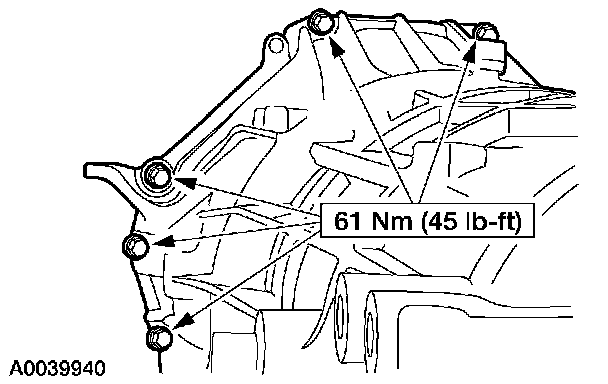 7. Install the bolts to the LH side of the transmission.
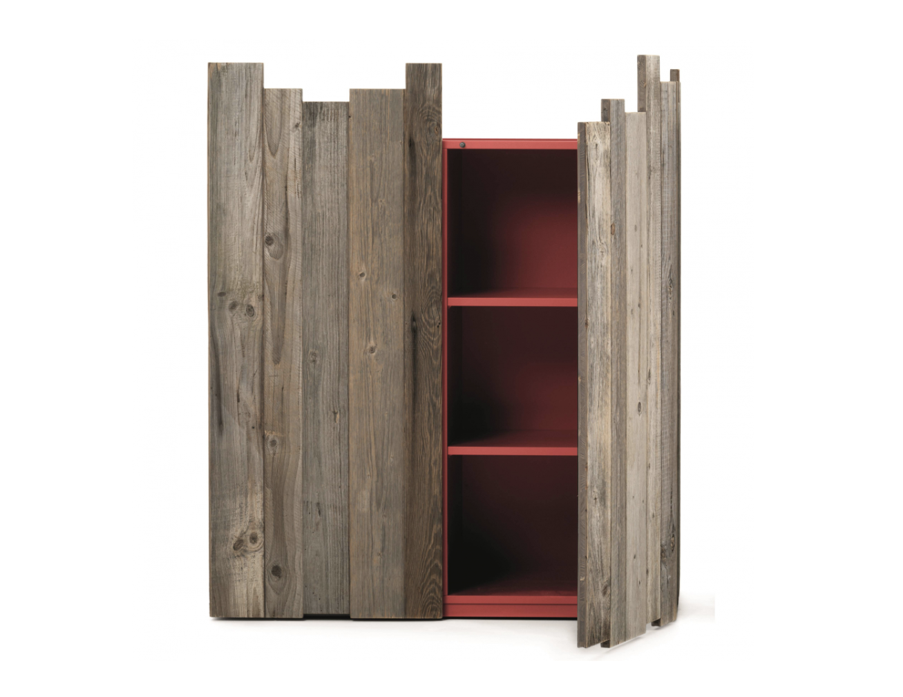 Dřevěný příborník se 2 dveřmi a 4 vnitřními policemi. Dveře a boky jsou z prken ze starého borovicového dřeva.
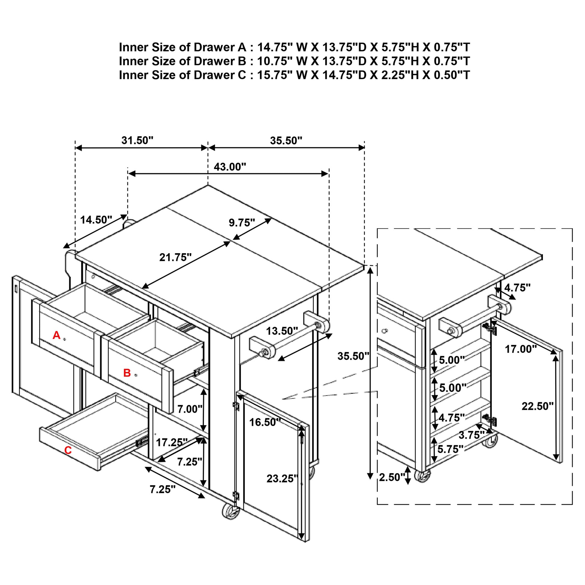 | Kitchen Cart | 43 | 31.5 | 35.5 | 121.28 |
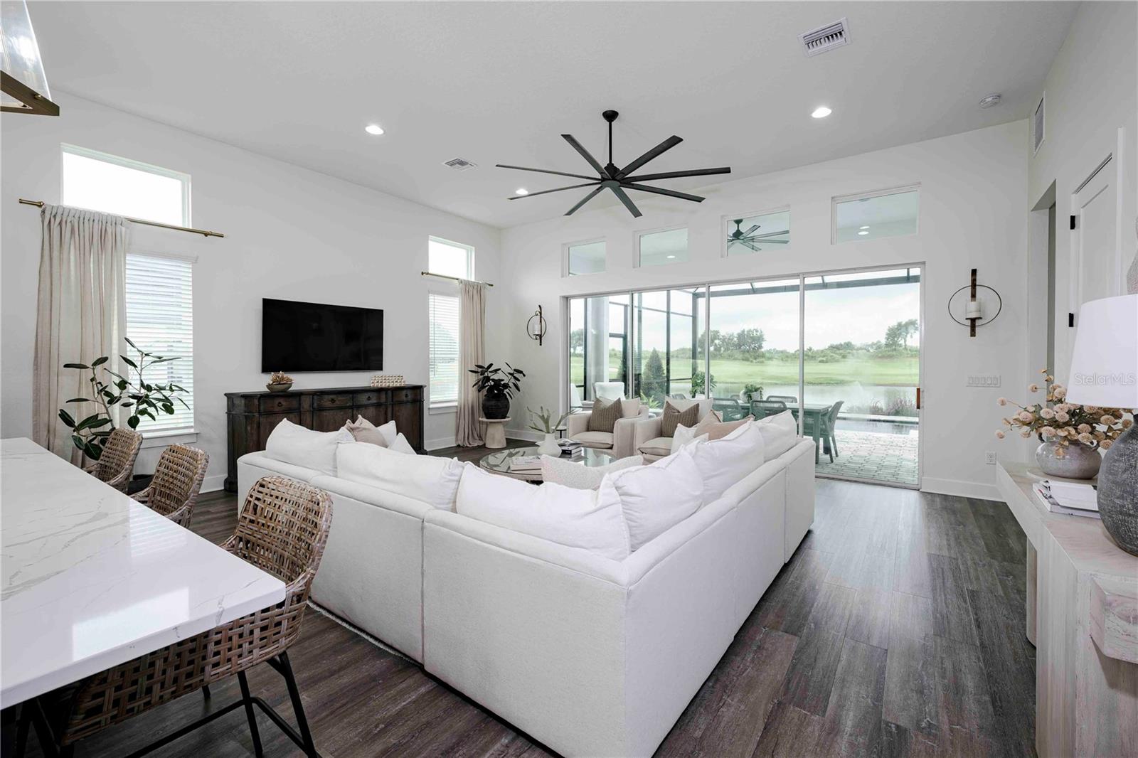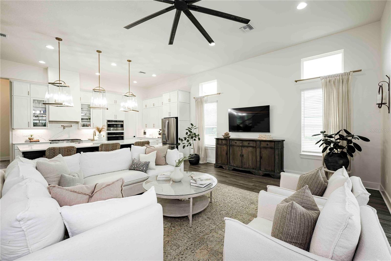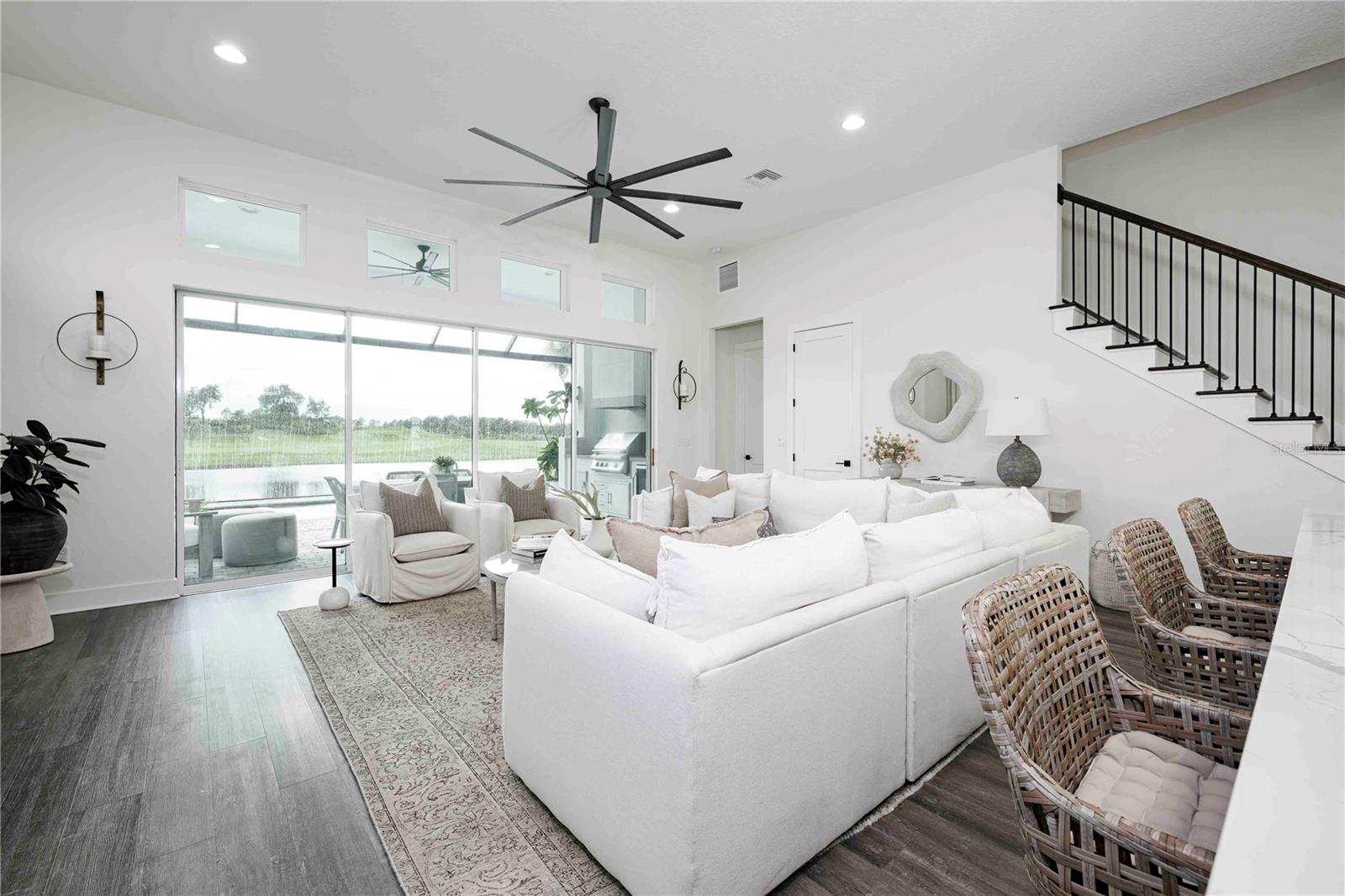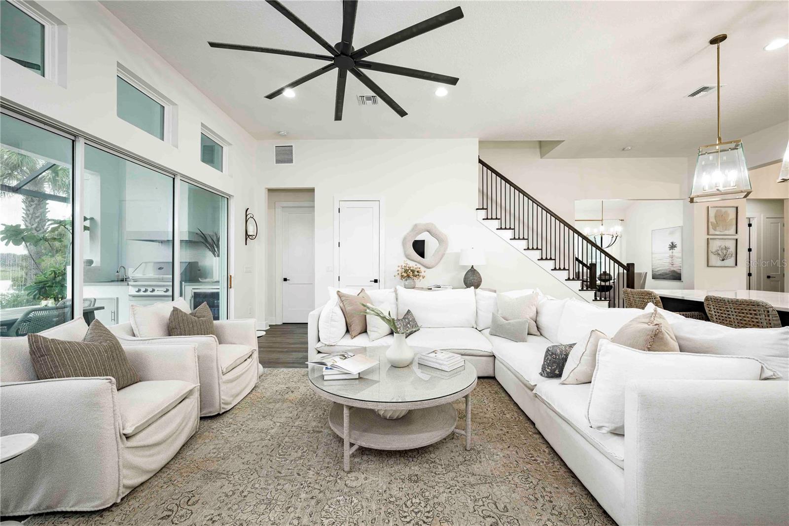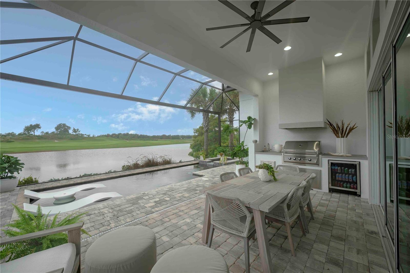 Welcome to 161 Aspen Way, an architectural masterpiece in the exclusive Conservatory at Hammock Beach. Crafted in 2022, this 3-bedroom, 3.5-bath residence spans nearly 3, 000 sq ft of refined living space, blending timeless design with modern sophistication. From the moment you step inside, soaring ceilings and expansive windows frame panoramic water and fairway vistas, setting the stage for a home that is as breathtaking as its surroundings. The gourmet chef’s kitchen, complete with custom cabinetry, premium appliances, and an expansive island, flows seamlessly into the great room and out to the private lanai. Here, a heated, lighted pool with spa and a fully equipped outdoor kitchen create an entertainer’s paradise. The primary suite is a private retreat, featuring a spa-quality bath and generous walk-in closets, while the secondary bedrooms, each with its own en suite or nearby bath offers guests uncompromising comfort and privacy. Upstairs, indulge in the unparalleled sitting area, showcasing custom built-ins with a wine cooler, beverage refrigerator, and bar sink. This south-facing haven delivers sweeping views of multiple golf holes, glowing sunsets, and even rocket launches from Cape Canaveral, a true one-of-a-kind spectacle. Every detail has been curated for ease and elegance: a spacious laundry room with washer/dryer, built-in dog wash, and ample storage; a full security system with exterior cameras; and professionally designed landscape lighting that enhances the property’s evening allure. The Conservatory is a private, guard-gated community centered around Tom Watson’s signature golf course and offering multiple membership options. Members enjoy exclusive access to Hammock Beach Club’s world-class amenities, including resort-style pools, a luxurious spa, state-of-the-art fitness, fine dining, and the pristine Atlantic shoreline just minutes away. 161 Aspen Way is not just a home, it’s a lifestyle, where sophistication meets resort-style coastal living at its absolute finest.

***

Your reply should hold nothing but the lines above, from the one containing "Dřevěný příborník se" to the one containing "35.5 | 121.28 |", reproduced exactly minus the pictures.

 Dřevěný příborník se 2 dveřmi a 4 vnitřními policemi. Dveře a boky jsou z prken ze starého borovicového dřeva.
 | Kitchen Cart | 43 | 31.5 | 35.5 | 121.28 |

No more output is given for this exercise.